» **Work task**
Repeat what the lines below say, word for word, and skip every image.

» **Data**
---+---
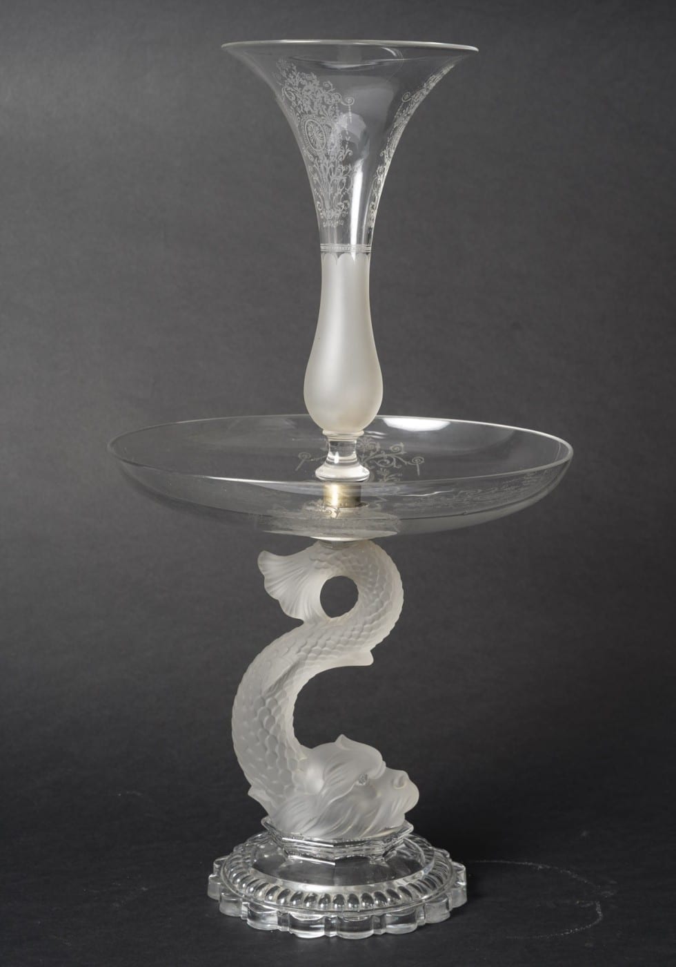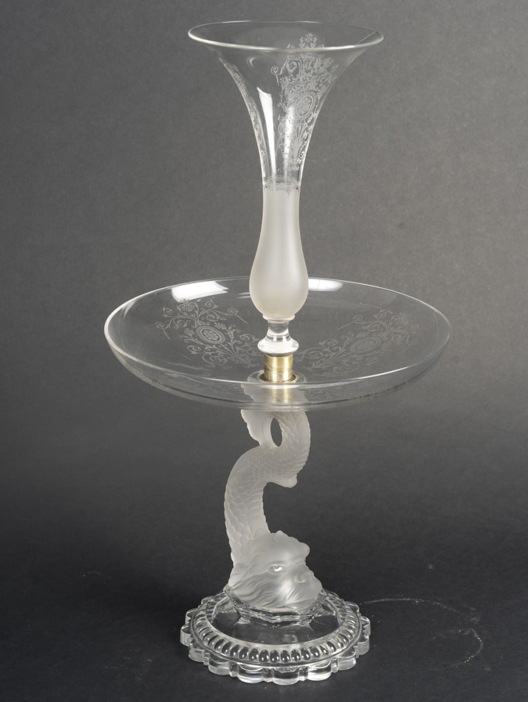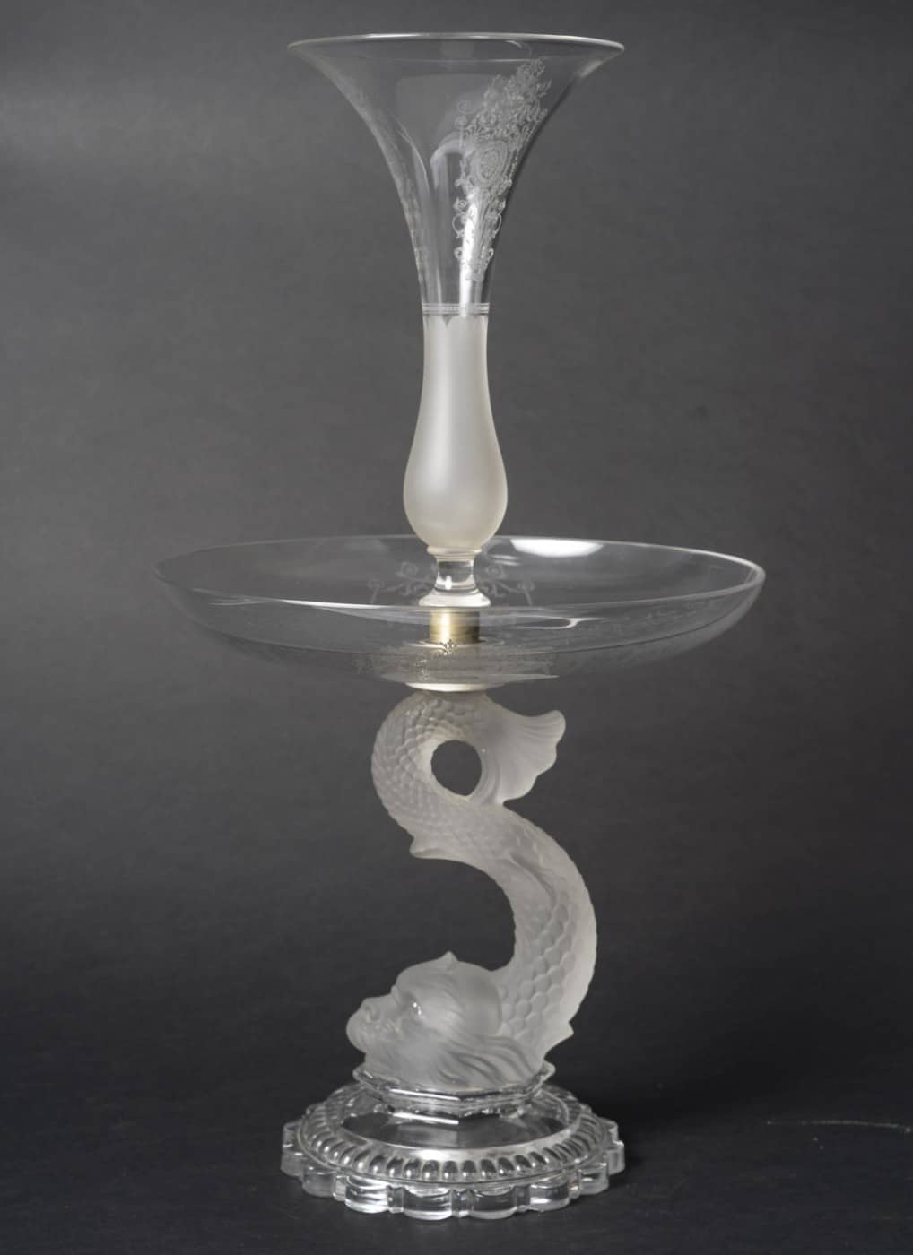 Élégant centre de table en cristal taillé et dépoli, reposant sur un piétement figurant un poisson stylisé aux lignes délicates.
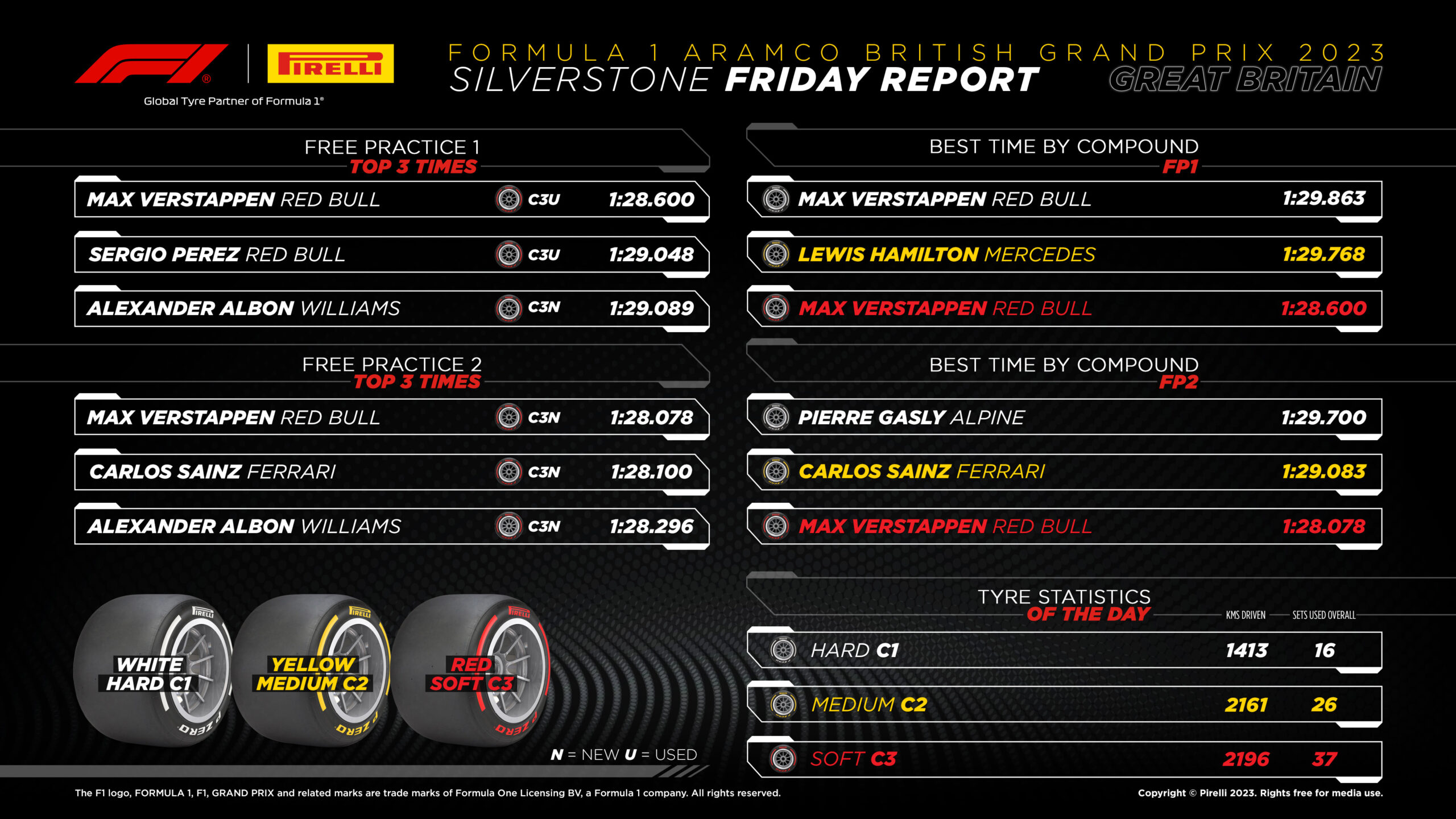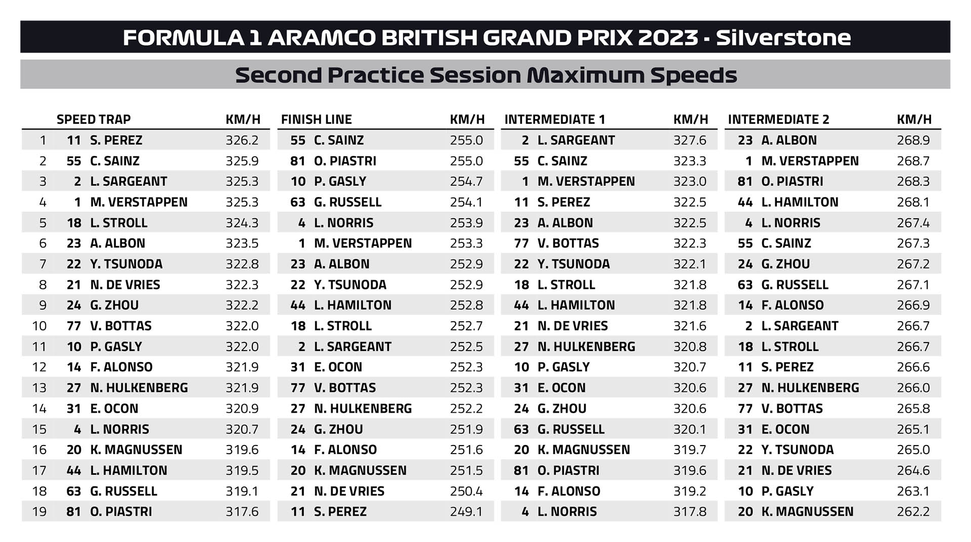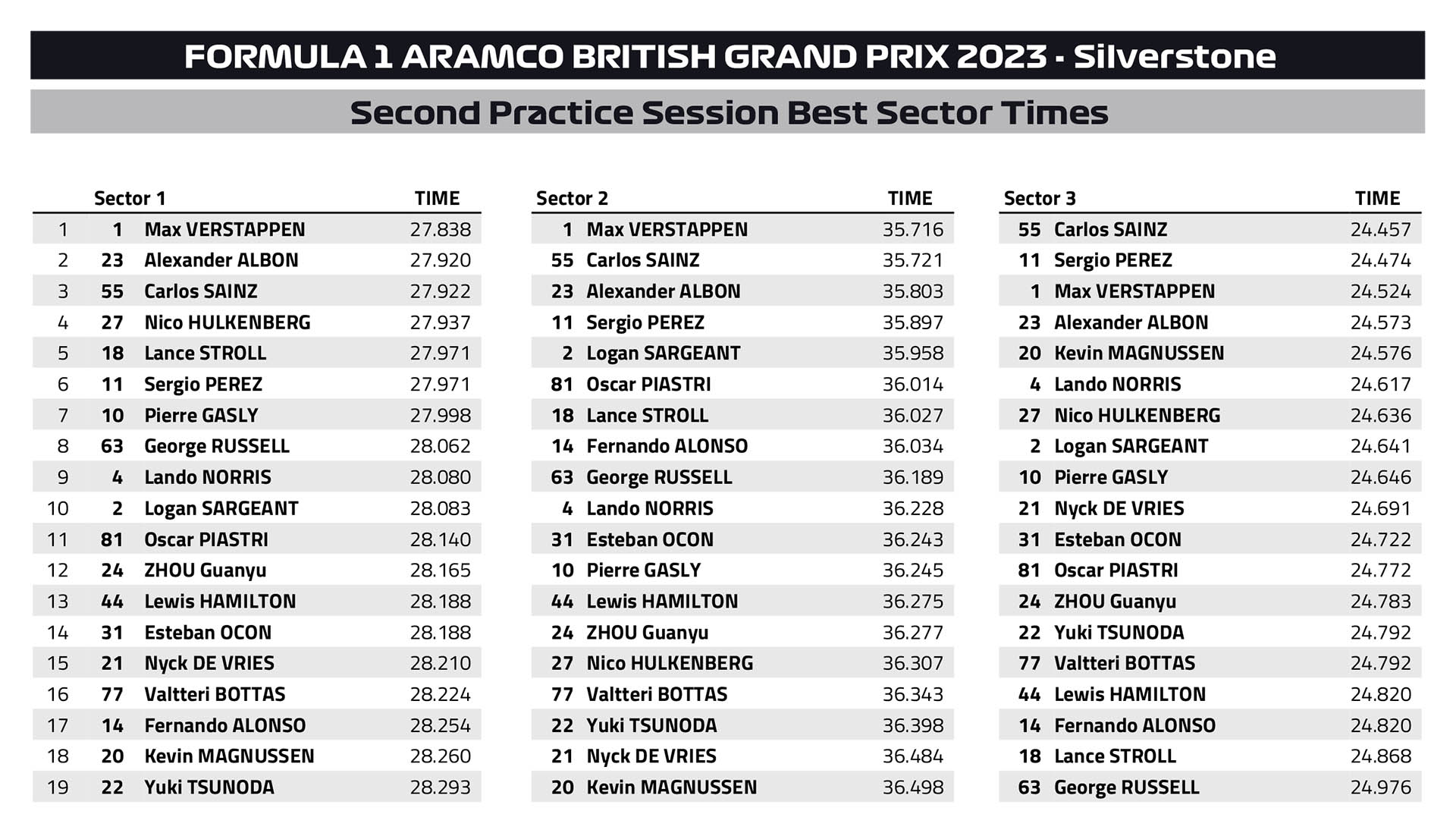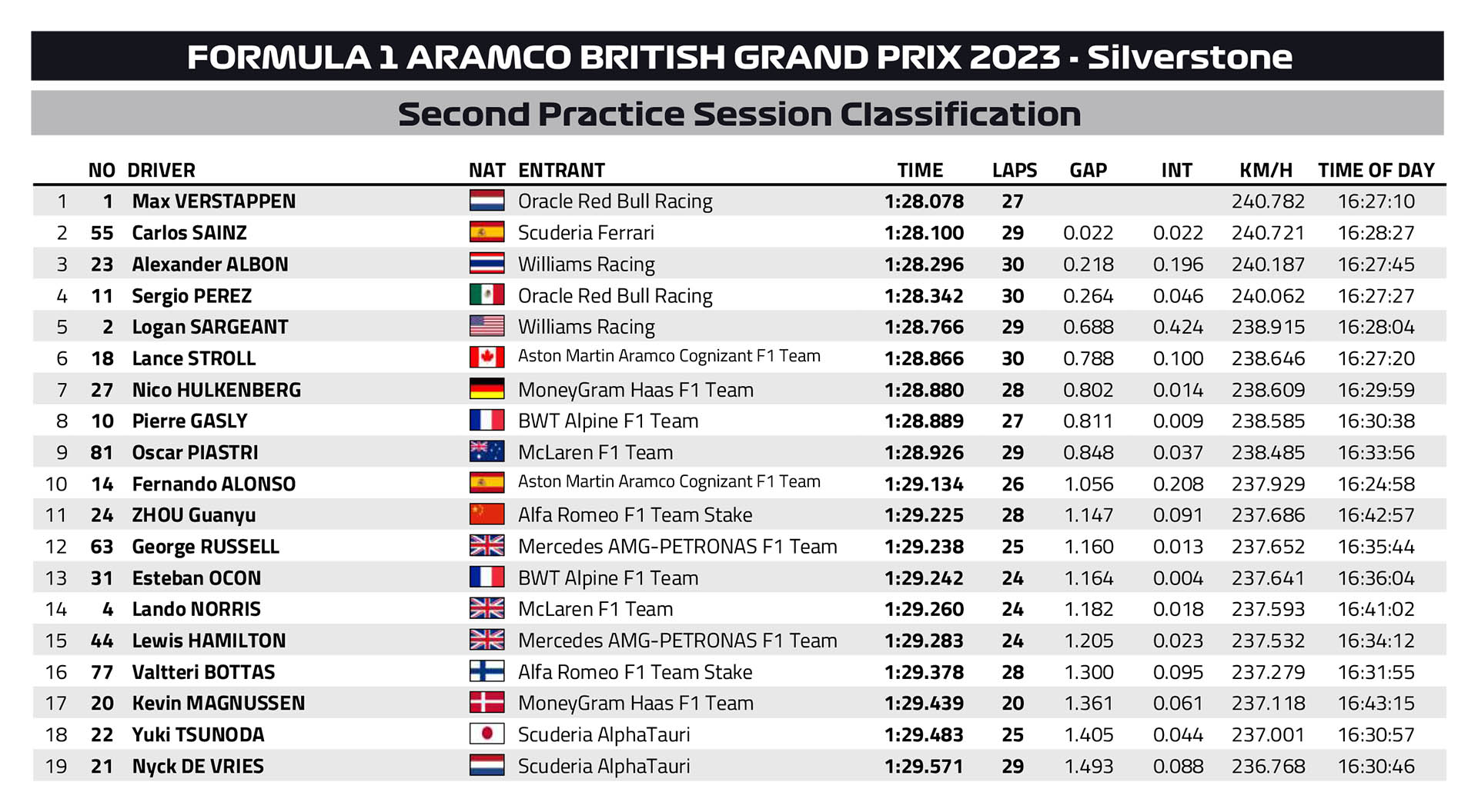 Όπως και στο FP1 του GP Μ. Βρετανίας της Formula 1, o Max Verstappen με τη Red Bull έγραψε τον ταχύτερο χρόνο και της δεύτερης περιόδου ελεύθερων δοκιμών Παρασκευής. Ωστόσο, αυτή τη φορά η διαφορά του από τον Carlos Sainz, που κατετάγη στη 2η θέση, ήταν μόλις 22 χλστ. του δλ. Η Ferrari φαίνεται ανταγωνιστική στον ένα γρήγορο γύρο, αλλά οι συνθήκες που αναμένεται να επικρατούν στις κατατακτήριες δοκιμές θα είναι διαφορετικές σύμφωνα με τις μετεωρολογικές προβλέψεις, που κάνουν λόγο για 55% πιθανότητα βροχής.
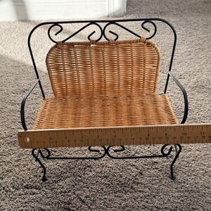 Vintage Miniature Wrought Iron and Wicker Loveseat Bench Doll Furniture Decor
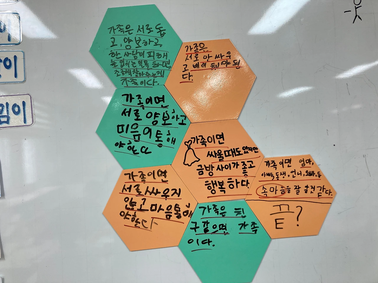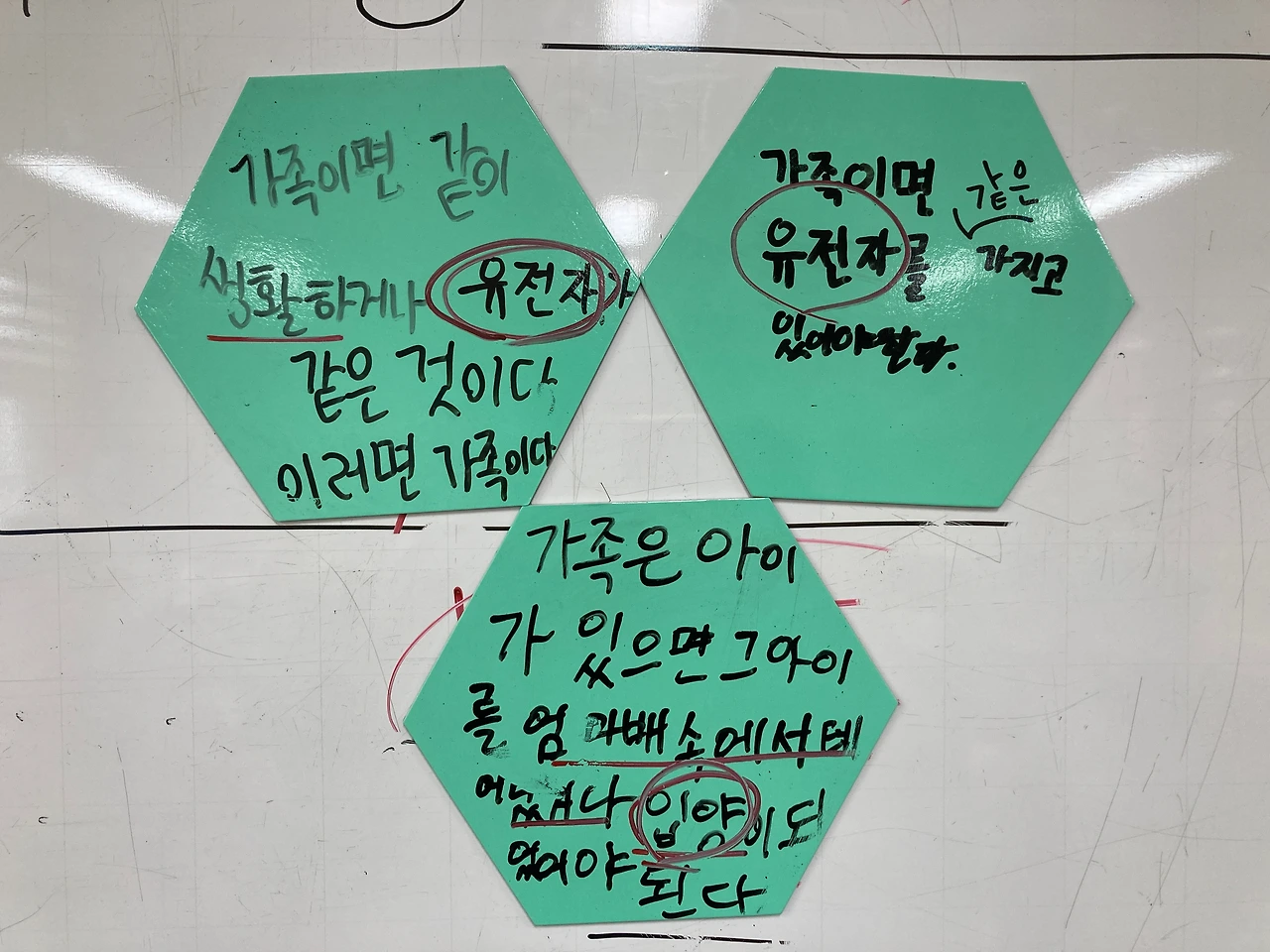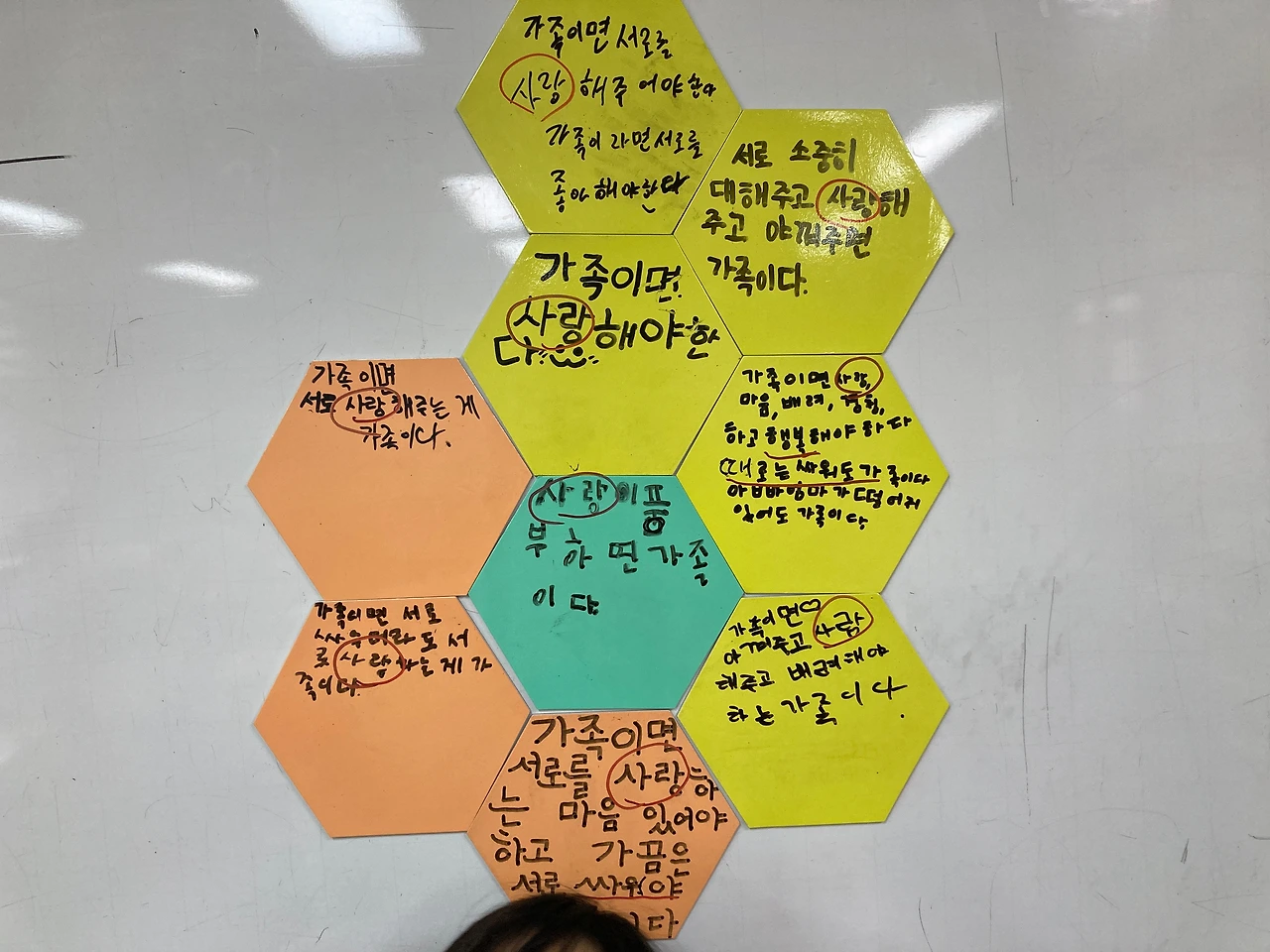 우선, 아이들에게 허니콤 보드를 나눠주고 자신이 생각한 진자 가족의 조건을 적어 봤습니다.
---+---
» **Result**
 Élégant centre de table en cristal taillé et dépoli, reposant sur un piétement figurant un poisson stylisé aux lignes délicates.
 Όπως και στο FP1 του GP Μ. Βρετανίας της Formula 1, o Max Verstappen με τη Red Bull έγραψε τον ταχύτερο χρόνο και της δεύτερης περιόδου ελεύθερων δοκιμών Παρασκευής. Ωστόσο, αυτή τη φορά η διαφορά του από τον Carlos Sainz, που κατετάγη στη 2η θέση, ήταν μόλις 22 χλστ. του δλ. Η Ferrari φαίνεται ανταγωνιστική στον ένα γρήγορο γύρο, αλλά οι συνθήκες που αναμένεται να επικρατούν στις κατατακτήριες δοκιμές θα είναι διαφορετικές σύμφωνα με τις μετεωρολογικές προβλέψεις, που κάνουν λόγο για 55% πιθανότητα βροχής.
 Vintage Miniature Wrought Iron and Wicker Loveseat Bench Doll Furniture Decor
 우선, 아이들에게 허니콤 보드를 나눠주고 자신이 생각한 진자 가족의 조건을 적어 봤습니다.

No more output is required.